Just hours before the start of Israel’s Holocaust Remembrance Day on Wednesday night, Tel Aviv University’s Center for the Study of Contemporary European Jewry, in collaboration with the Irwin Cotler Institute for Democracy, Human Rights, and Justice, released its Annual Antisemitism Worldwide Report, which focuses on anti-Jewish hate crimes in 2024.
“Antisemitism is not just a problem of the past or a fringe issue,” said Professor Uriya Shavit, the report’s editor. “It is a mirror to our societies. And in 2024, that reflection is still deeply troubling.”
The 160-page study revealed that anti-Jewish hatred, which spiked in the wake of the Hamas onslaught, continues to persist across continents a year and a half into the ongoing Gaza conflict.
“Contrary to popular belief, the report’s findings indicate that the wave of antisemitism did not steadily intensify due to the war in Gaza and the humanitarian disaster there,” Shavit said. “The peak was in October-December 2023, and a year later, a sharp decline in the number of incidents was noted almost everywhere.”
“The sad truth is that antisemitism reared its head at the moment when the Jewish state appeared weaker than ever and under existential threat,” he continued.
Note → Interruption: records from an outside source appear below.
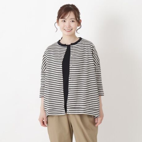 ふんわりとしたシルエットが春らしい、軽やかなボーダーカーディガン。
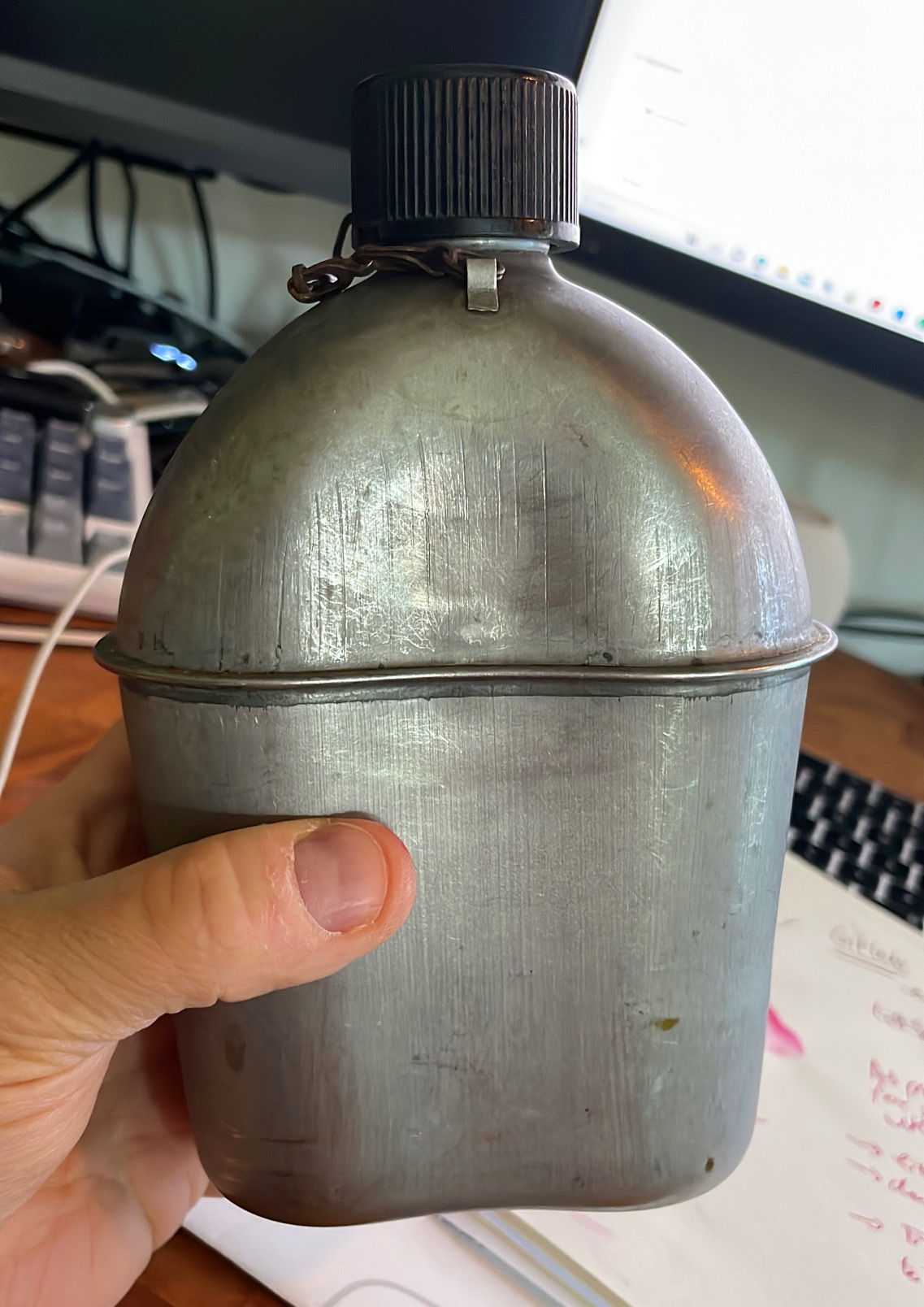 Betreff: The Great Circle - Indy‘s Wasserflasche Am Anfang im Intro genehmigt sich Indy mehrmals einen Schluck aus seiner Wasserflasche. Auch im Spiel selber liegen mal immer wieder welche herum. Es handelt sich hier um die M-1942 canteen der U.S. Army aus Aluminium. Siehe im Anhang Bilder aus dem Spiel zum Vergleich mit den Bildern meiner Flasche. Die gab es in mehreren Versionen aber alle erst eigentlich ab den 1940ern. Also eine ähnliche Art Continuity-Fehler wie die Mark VII Tasche, die es ja auch eigentlich erst ab 1942 gab. Meine Flasche ist von S.M. Co. (Steel Metal Company) von 1944 |
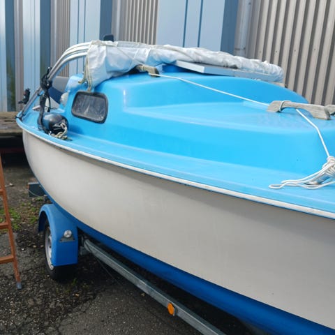 Medfølger benzintank 25L, årer med åregafler, anker og havnekaleche.
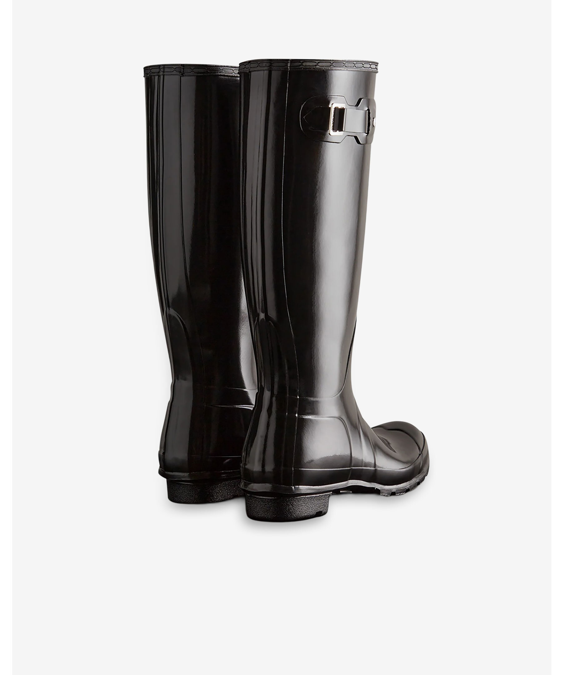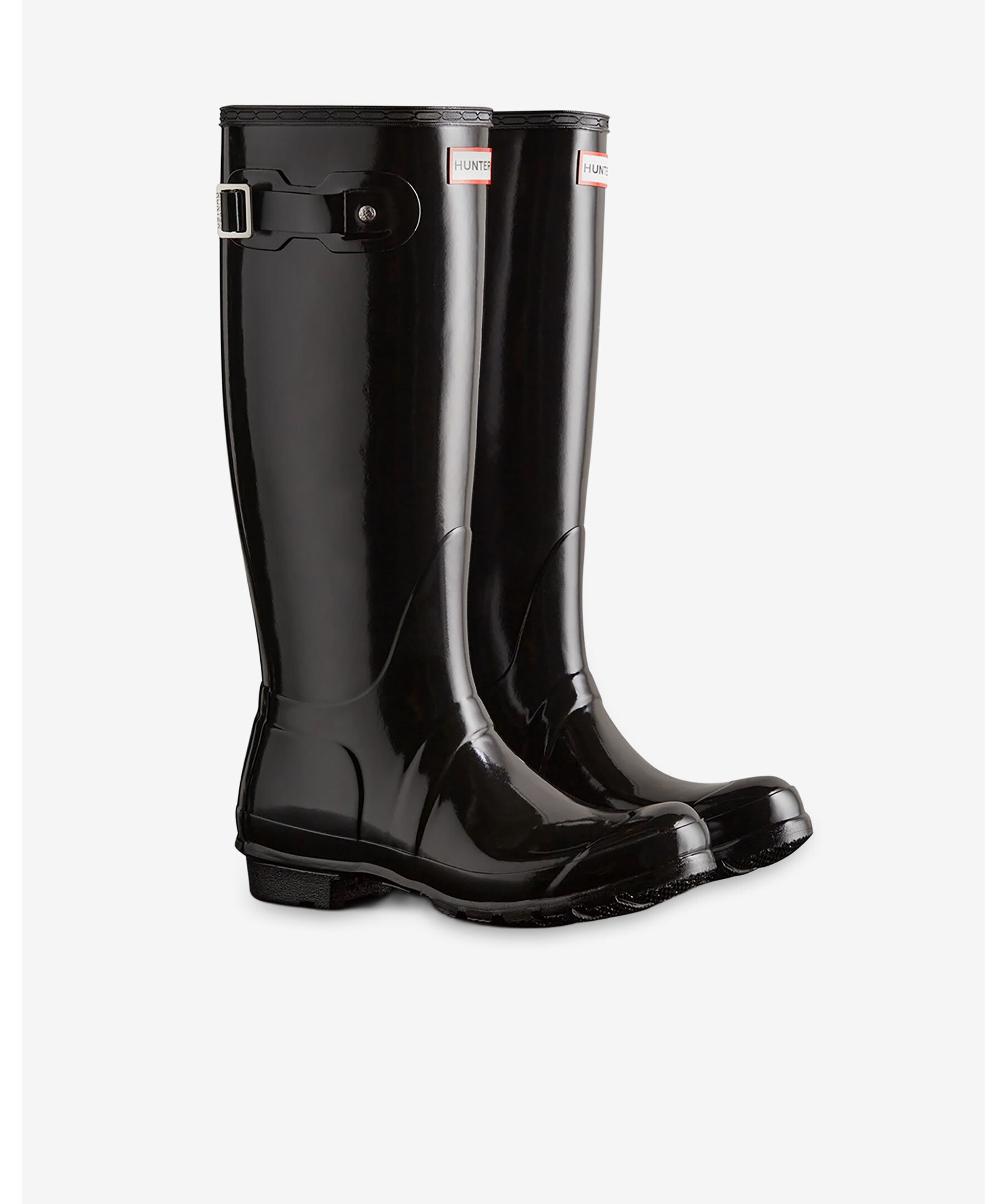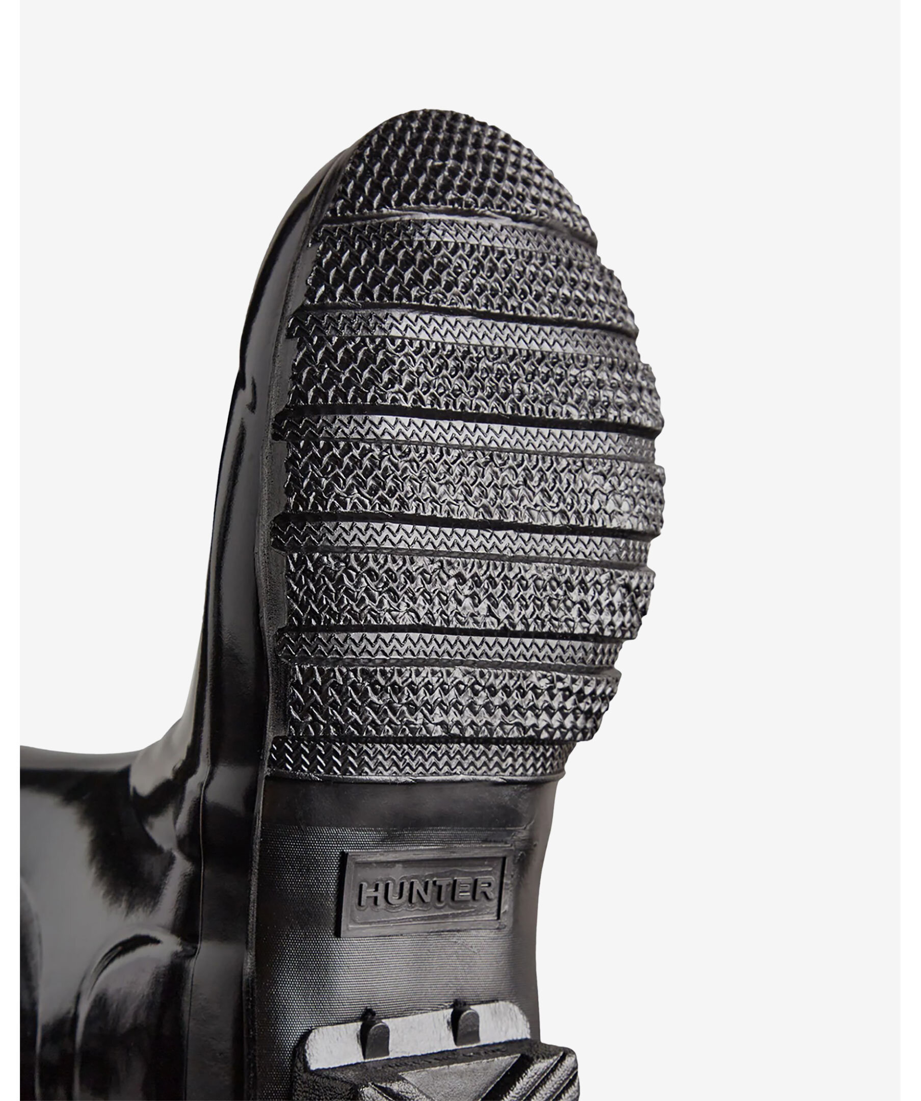 Svarta gummistövlar från Hunter. Stövlarna har en klassisk, hög design med en glänsande yta. De är tillverkade av naturligt gummi och har en justerbar rem med spänne på sidan. Denna stil är en del av Hunter Originals-kollektionen och har varit en favorit sedan 1956. Perfekta för regniga dagar eller som en stilren accessoar till vardags.

Australia saw the most significant rise in anti-Jewish incidents, with 1,713 recorded in 2024, compared to 1,200 in 2023 and 490 in 2022.
Despite the sharp surge in anti-Jewish hate following the Oct. 7 attacks, Australia recorded 478 incidents between October and December 2024, a notable drop from the 827 incidents reported during the same period in 2023.
A rise in antisemitism compared to pre-war norms continued into this year. In February, for example, Australia experienced a scandal in which two nurses were caught on video vowing to kill Israeli patients, prompting outrage from authorities. After the video went viral, both nurses were suspended and permanently barred from employment within the New South Wales state health system. They were later charged with crimes.
The United States also saw notable increases in anti-Jewish incidents, especially in cities like Chicago, Denver, and Austin. The Anti-Defamation League released its own report on Tuesday showing that antisemitism in the US surged to break “all previous annual records” in 2024, with the civil rights group recording 9,354 antisemitic incidents last year.
In New York, the city with the world’s largest Jewish population outside of Israel, police recorded 344 antisemitic hate crimes in 2024, up from 325 in 2023 and 264 in 2022. Last month, Jews were the targets of more hate crimes than any other group, according to police data.
However, between October and December 2024, New York saw 68 antisemitic incidents, a sharp decline from the 159 incidents recorded in the same months of 2023.
Canada recorded a record-breaking 6,219 anti-Jewish incidents in 2024, up from 5,791 the previous year. Although members of the Jewish community make up less than 1 percent of the country’s population, they were targeted in one-fifth of all hate crimes.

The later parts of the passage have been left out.